The qurt_mutex_lock() call blocks the calling thread until the mutex is available, then acquires it. qurt_mutex_try_lock() attempts to acquire the mutex and returns immediately with QURT_EOK on success or an error code if the mutex is held. Always call qurt_mutex_destroy() when you're done with a mutex.

QuRT mutexes implement priority inheritance. If a high-priority thread is waiting for a mutex held by a low-priority thread, the low-priority thread temporarily gets boosted to the high-priority level.

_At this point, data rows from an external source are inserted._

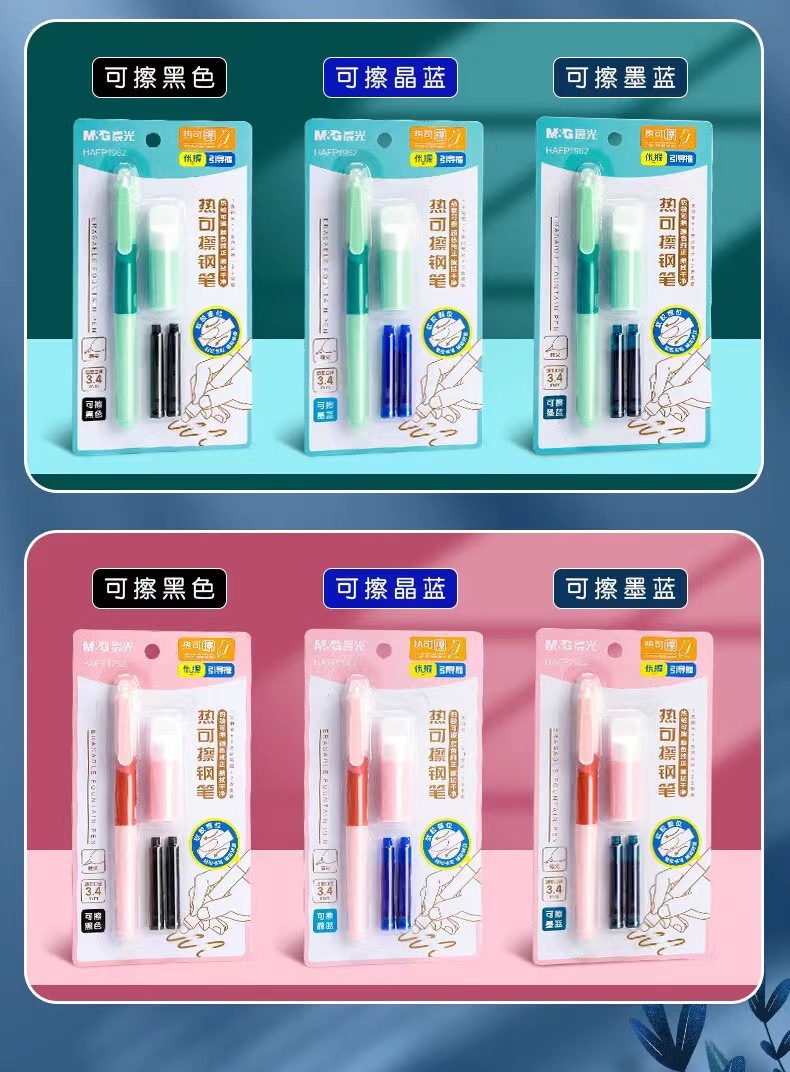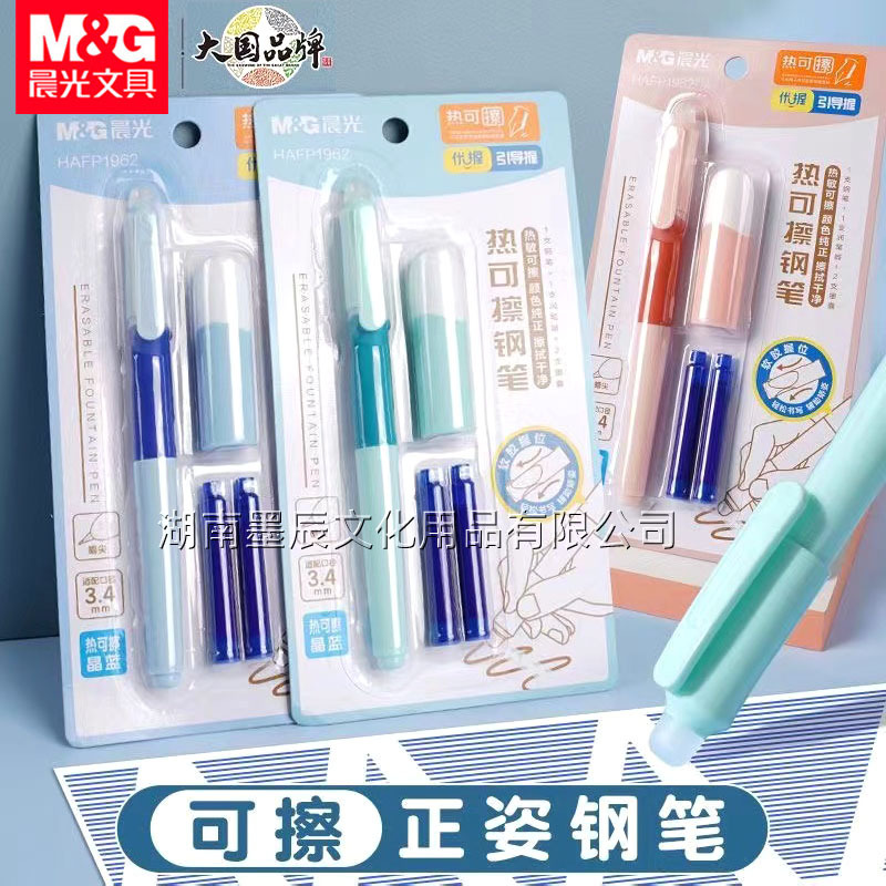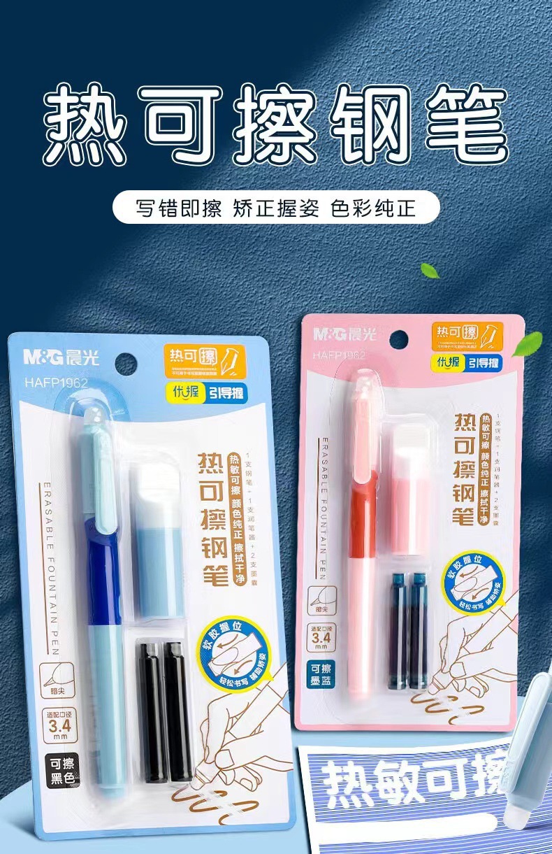 晨光热可擦钢笔HAFP1962可换墨囊学生书法硬笔优握摩易擦晶蓝钢笔
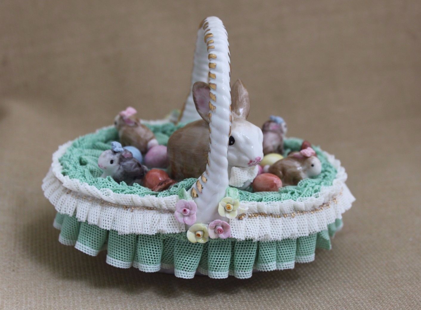 MZ Irish Dresden Lace Porcelain Easter Basket with Bunnies and Eggs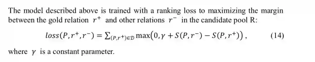 训练过程中使用 margin ranking loss, 保证正确的relation与问句的匹配得分比负例要高:
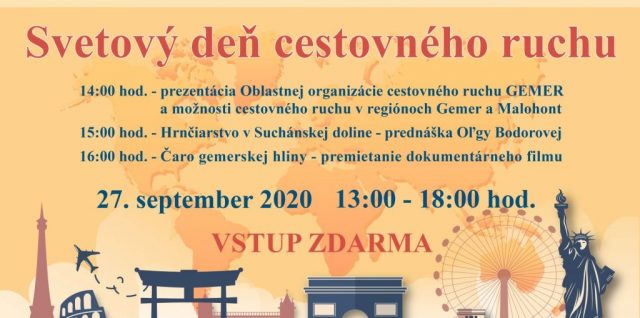 Nová expozícia v Gemersko-malohontskom múzeu (GMM) v Rimavskej Sobote si pripomenie svetový deň cestovného ruchu, ktorý tento rok pripadol na nedeľu 27. 9. 2020. Celý článok R. SOBOTA: V múzeu si pripomenú svetový deň cestovného ruchu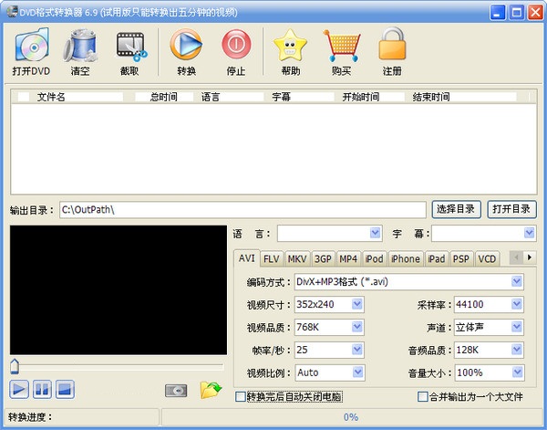 人性化軟件界面,操作簡(jiǎn)單,兼容DVD光盤能力強(qiáng),處理速度快,輸出文件清晰度高,可以任意設(shè)置輸出文件的參數(shù),如視頻尺寸,視頻比特率,音頻采樣率等,來(lái)調(diào)整輸出文件大小和清晰度。您可以在DVD格式轉(zhuǎn)換器選擇DVD光盤中的各種字幕、語(yǔ)言等信息與DVD中的視頻一起完整地轉(zhuǎn)換輸出其他流行格式,可以設(shè)置時(shí)間來(lái)截取片段輸出,也可以把多個(gè)標(biāo)題合并輸出一個(gè)文件,并且可以在播放預(yù)覽DVD視頻時(shí),來(lái)拍照抓取精彩圖片。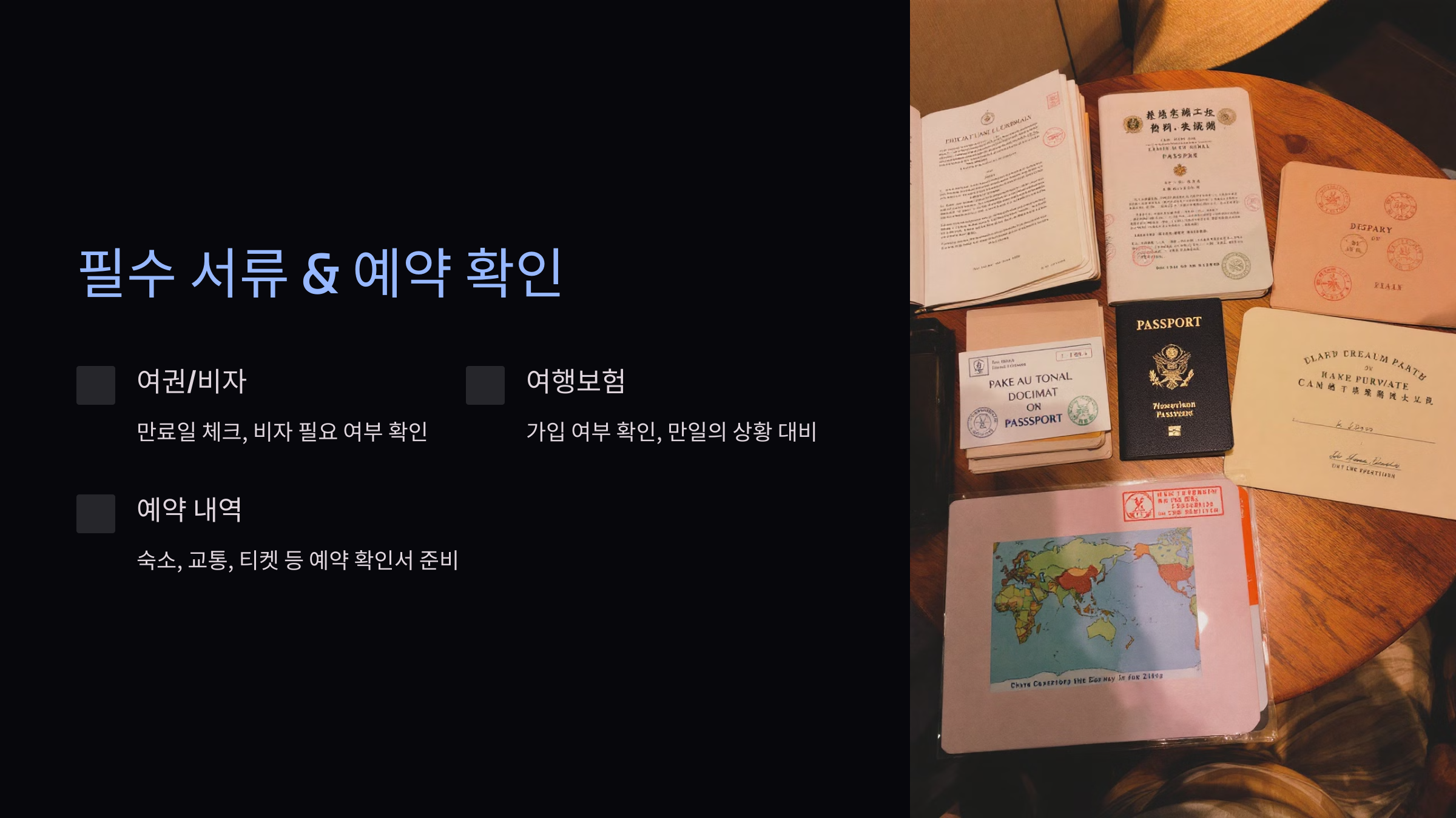 - 여권/비자: 해외여행의 경우 여권 만료일과 비자 필요 여부를 체크하세요.

This prevents priority inversion, the classic bug that caused the Mars Pathfinder spacecraft to repeatedly reset during its mission.

QuRT handles priority inheritance automatically, but you should be aware it's happening so you don't get confused by unexpected priority behavior during debugging.

Signals

Signals in QuRT are a lightweight notification mechanism. A thread waits for specific signal bits, and another thread (or an ISR) sets those bits to wake it up.

#include <qurt.h>

#define SIGNAL_DATA_READY   0x01
#define SIGNAL_STOP         0x02
#define SIGNAL_ERROR        0x04

qurt_signal_t my_signal;

void signal_init(void)
{
    qurt_signal_init(&my_signal);
}

/* Waiting thread */
void waiter_thread(void *arg)
{
    unsigned int received_signals;

    while (1) {
        /* Wait for ANY of these signals */
        received_signals = qurt_signal_wait(
            &my_signal,
            SIGNAL_DATA_READY | SIGNAL_STOP | SIGNAL_ERROR,
            QURT_SIGNAL_ATTR_WAIT_ANY
        );

        if (received_signals & SIGNAL_STOP) {
            printf("Received stop signal. Exiting.\n");
            break;
        }

        if (received_signals & SIGNAL_DATA_READY) {
            printf("Data is ready! Processing...\n");
            process_data();
            /* Clear the signal after handling it */
            qurt_signal_clear(&my_signal, SIGNAL_DATA_READY);
        }

        if (received_signals & SIGNAL_ERROR) {
            printf("Error occurred! Handling...\n");
            handle_error();
            qurt_signal_clear(&my_signal, SIGNAL_ERROR);
        }
    }

    qurt_signal_destroy(&my_signal);
    qurt_thread_exit(QURT_EOK);
}

/* Signaling thread (or ISR) */
void sender_thread(void *arg)
{
    prepare_data();
    qurt_signal_set(&my_signal, SIGNAL_DATA_READY);

    /* Later, tell it to stop */
    qurt_signal_set(&my_signal, SIGNAL_STOP);

    qurt_thread_exit(QURT_EOK);
}

The waiting thread calls qurt_signal_wait() with a bitmask of the signals it cares about. QURT_SIGNAL_ATTR_WAIT_ANY means the thread wakes up when any of the specified bits are set. The sender thread calls qurt_signal_set() to set one or more bits. After handling a signal, the waiter must call qurt_signal_clear() to reset the bit. If you forget to clear a signal, the next call to qurt_signal_wait() returns immediately, and your thread processes the same event again.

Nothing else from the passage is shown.